Cash Rather Than Good Intentions

By The Banker | Blog Posts, Inequality, Texas
18 Jan 2017
  • SumoMe

give_directlyHere’s a radical thesis about the best way to eliminate poverty:

Give money. Don’t give stuff. Also, don’t give conditional money, either, expecting the recipient to do something you want them to do.

I’m intrigued by an international charity called GiveDirectly which puts this radical thesis to the test. I understand this “just money, no stuff, no strings attached” approach runs contrary to our most cherished charitable instincts. It also goes against our typical “Don’t give a man a fish, teach a man to fish” plans, delightful as that cliché may be.

International groups addressing poverty usually focus on building infrastructure capacity in poor areas – stuff like digging wells for clean water, or building housing. Other groups might provide a family with a goat, enroll a girl in school, or teach sustainable farming techniques. These are all super-nice, well-intentioned plans. One teensy problem, however, is that international development like this might not really work very well for eradicating poverty.

I named “give only cash, no strings” above just a “thesis,” because I don’t actually know if it’s better than traditional poverty-relief or traditional development projects. But a series of well-conceived experiments are going on right now to test the thesis. And they are on the cusp of launching an even bigger test.

A group of economists who believe in the thesis of “cash only, no strings” founded GiveDirectly, an organization that I think of as a radical critique of both traditional development organizations and traditional poverty-reduction schemes. Here’s what they do: They just give cash, unconditionally, to poor adults in Africa. Right now they mostly operate in Kenya and Uganda, but are also expanding into Rwanda.

good_intentionsGiveDirectly doesn’t demand recipients raise a specific protein-rich crop, get sober, or build a type of fuel-efficient oven out of local mud.

They simply transfer money to households in extreme poverty, accessible through a mobile payments system. And then they let the poor recipients themselves figure out what they need. In that way it’s the simplest poverty-eradication plan imaginable.

Governments around the world have experimented – even before GiveDirectly – with programs like this, known in policy wonk circles as “unconditional cash transfers.”
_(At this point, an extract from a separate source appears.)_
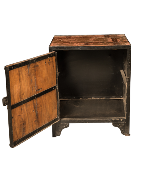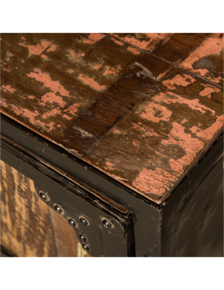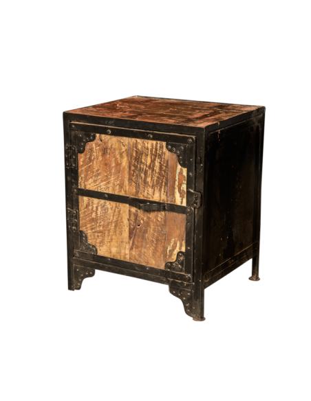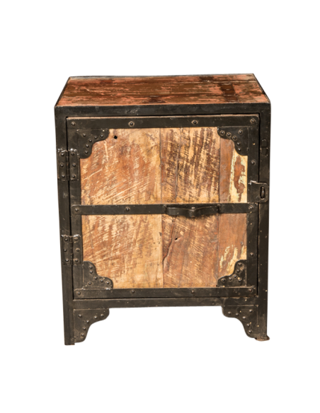 La table de chevet "Ganga" tire son côté unique de sa fabrication artisanale. Elle est parfaite pour apporter un cachet authentique à votre chambre à coucher. Son aspect brut ainsi que sa finition métallique lui apportent un côté industriel qui s'accorde très bien dans un esprit loft ou un intérieur plus classique. Très fonctionnelle, l'utilisation du bois recyclé nous permet de vous proposer des meubles aux variations de couleurs uniques qui sauront s'adapter à vos goûts et à votre intérieur.

Unlike most development or poverty-relief charities, however, GiveDirectly measures the results of their programs using the gold standard of data analysis, a series of randomized control trials. That means picking cash recipients randomly selected according to a set of criteria (poverty being one criteria, obviously) and then comparing their outcomes with people under the same conditions who did not receive the cash. Then they try to improve their program design, based on the evidence.

Max Chapnick, Communications Director for GiveDirectly, told me that last year they raised and earmarked close to $45 million for direct cash transfers. That’s not as big as legacy international development organizations like Save The Children or Oxfam or international governmental aid, but it ain’t chicken feed either.
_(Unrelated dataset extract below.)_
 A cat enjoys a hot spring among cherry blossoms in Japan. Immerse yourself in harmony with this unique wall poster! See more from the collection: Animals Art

If radical disruption of an industry, evidence-based practices, randomized-control trials and continuous design improvement all sounds very “Silicon Valley” to you (it does to me) then you will not be surprised to learn that Facebook co-founder Dustin Moscovitz, and Google.org are early and aggressive backers of GiveDirectly.

Objections to Cash

It’s very easy to list objections to this program.

Let’s start with: What if poor people quickly spend their unearned money on vices?

And that’s where data can be very interesting for testing that risk, and for testing the original thesis itself.

A research paper published in April 2016, based on cash transfer payments made by GiveDirectly from 2011 to 2013, found no increase in alcohol and tobacco consumption among recipients.

Not only that, but other research on unconditional cash transfers suggests this fear about cash transfers may be overblown. A December 2016 study from the University of Chicago of 19 cash transfer programs worldwide also found no increase in alcohol or tobacco use among recipients.

mobile_paymentsOr another big objection: What if “free money” discourages people from working?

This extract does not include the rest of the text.